Keith J. Kelly

Keith J. Kelly

Media

Bloomberg biz empire lays down the ‘Law’

Bloomberg LP is folding Bloomberg Law into its Bloomberg Bureau of National Affairs unit and is expected to lay off an undisclosed number of journalists as part of “rebranding.”

BBNA was built around Bloomberg’s acquisition of the Bureau of National Affairs in 2011 for $990 million, the largest purchase in its history.

The company is insisting that many of the 250 journalists at Bloomberg Law will be offered jobs at Arlington, Va.-based BBNA, a provider of legal and regulatory news and information.

Shutting Bloomberg Law represents a rare retreat for the company, founded by Mayor Mike Bloomberg, which has been trying to diversify its base beyond its core financial news and data business for five years.

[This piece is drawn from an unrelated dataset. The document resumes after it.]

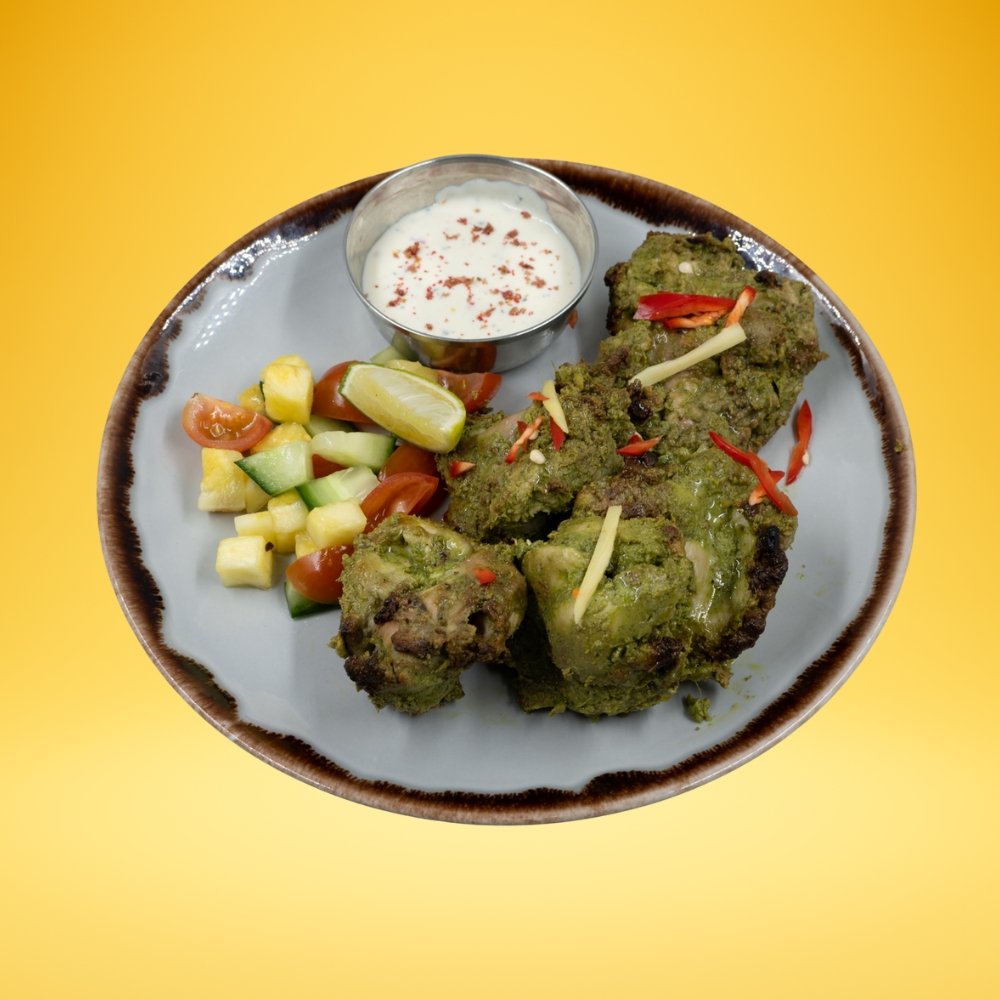 Boneless Chicken thighs marinated with yogurt, mixed spices & Green herbs Chargrilled in Tandoor. Served with salad & herb chutney.

Bloomberg Law was seen as a way to get away from the desktop terminal business and make some inroads into the legal research field dominated by Thomson Reuters’ Westlaw and Reed Elsevier’s Lexis/Nexis.

But even Lexis/Nexis has stumbled recently, announcing that its once-dominant legal publishing subsidiary, Martindale-Hubbell, and lawyers.com were merging with Internet Brands.

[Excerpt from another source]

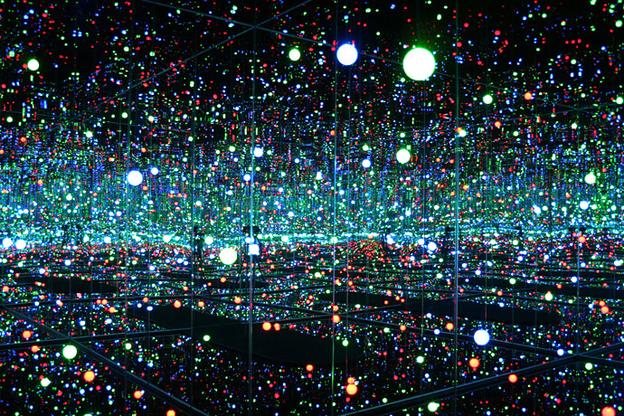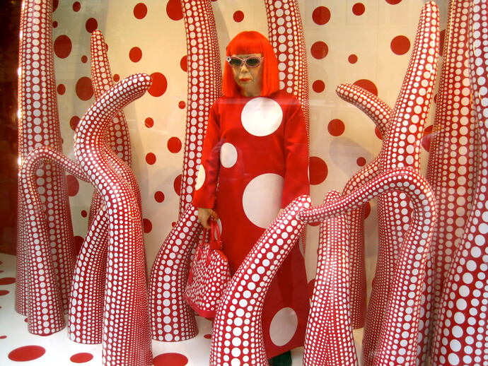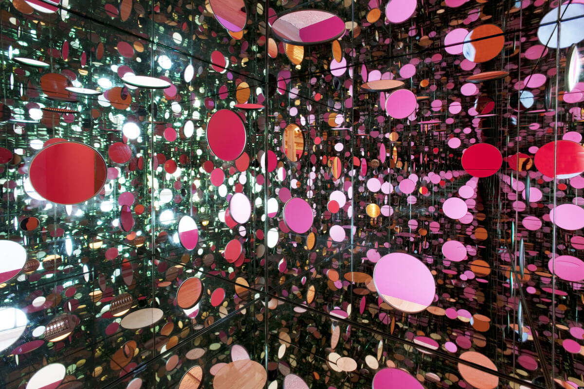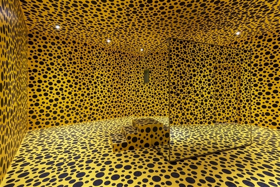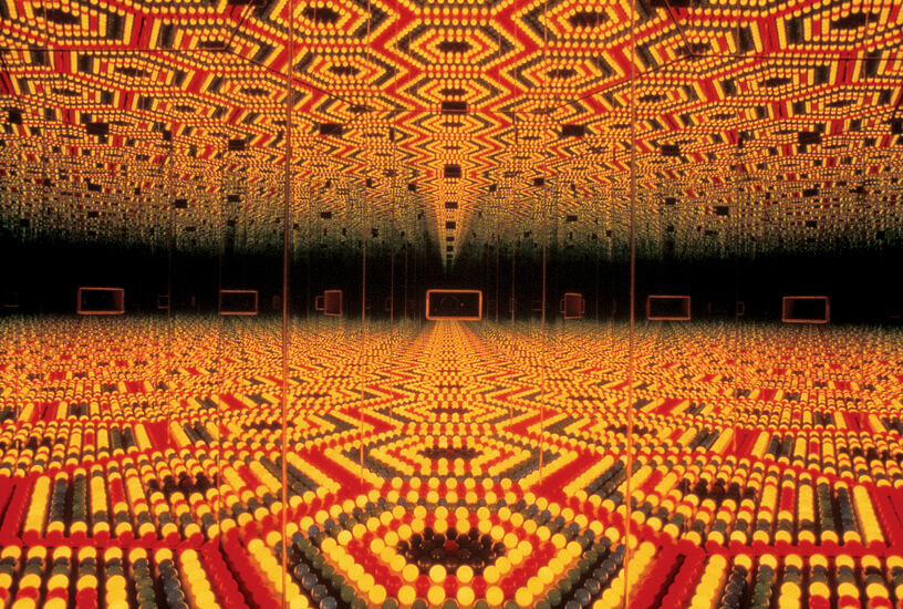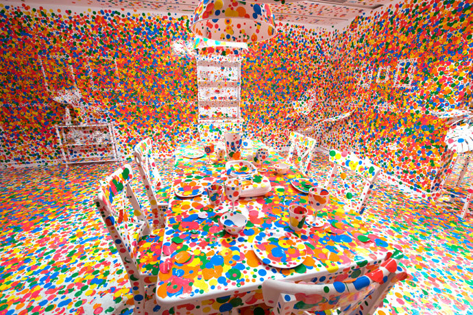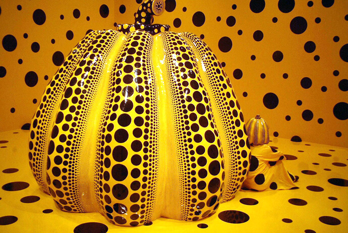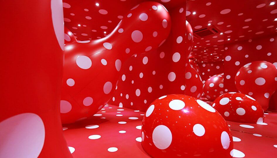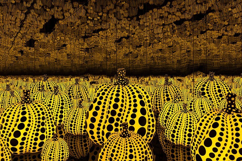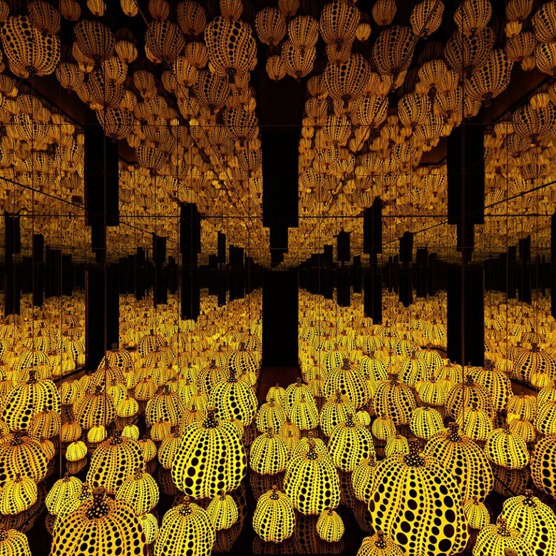 Визитной карточкой Яёи Кусамы являются крапинки и горох, она считает его символом энергии и всей жизни. Цветные горошины встречаются почти во всех работах женщины: от скульптур до стен музеев. В огромных комнатах с инсталляциями будет действовать правило 30 секунд — столько времени отведено каждому посетителю на фотографию.

The future of Bloomberg — both the man and the company — is the subject of growing speculation.

As Mayor Bloomberg’s term draws to a close, many wonder what his next move will be, with guesses ranging from advocating political causes to taking a top government position to pursuing a buyout of the New York Times.

Bloomberg has said in the past he is not going to buy the Times, but that has not shut down the rumor mill.

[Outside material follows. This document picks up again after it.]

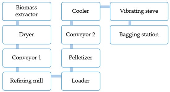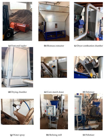 Once the process steps of the production of wood pellets has been defined, it is necessary to provide some more details inherent in the machinery that carries out these transformations and passages in Figure 7 and Figure 8.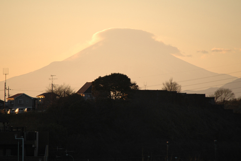 快晴の夕空に輝く雲がぽつんと浮かんでいます。

Amazon founder Jeff Bezos’ recent move to buy the Washington Post for $250 million has ramped up chatter that Bloomberg could follow the same path and use his personal fortune to buy the Times. The controlling Sulzberger clan has insisted that the paper is not for sale. Bloomberg has also said he has no intention of returning to day-to-day management of the company.

Separately yesterday, Bezos gave his first major post-acquisition interview since he agreed to buy the Washington Post from the controlling Graham family.

“It’s important for the Post not just to survive but to grow,” he said in the interview with the Washington Post’s Paul Farhi.

“The Post is still great. The piece that’s missing is that it’s still a challenged business. No business can continue to shrink. That can only go on for so long before irrelevancy sets in.”

The Amazon boss has been a master of figuring out what consumers want, in the process building a personal fortune that is estimated at more than $24 billion — roughly on a par with Bloomberg’s net worth.

Still, Bezos admitted he has no magical solution to the newspaper industry’s circulation and advertising woes.

“In my experience, the way invention, innovation and change happen is [through] team effort. There’s no lone genius who figures it all out and sends down the magic formula. You study, you debate, you brainstorm and the answers start to emerge.

“It takes time. Nothing happens quickly in this mode. You develop theories and hypotheses, but you don’t know if readers will respond. You do as many experiments as rapidly as possible. Quickly in my mind would be years.”

He said the formula of asking readers to pay for news that they can get free elsewhere is flawed. On the other hand, he said it is important to have readers at the centerpiece.

“I’m skeptical of any mission that has advertisers as its centerpiece. Whatever the mission is, it has news at its heart,” he said.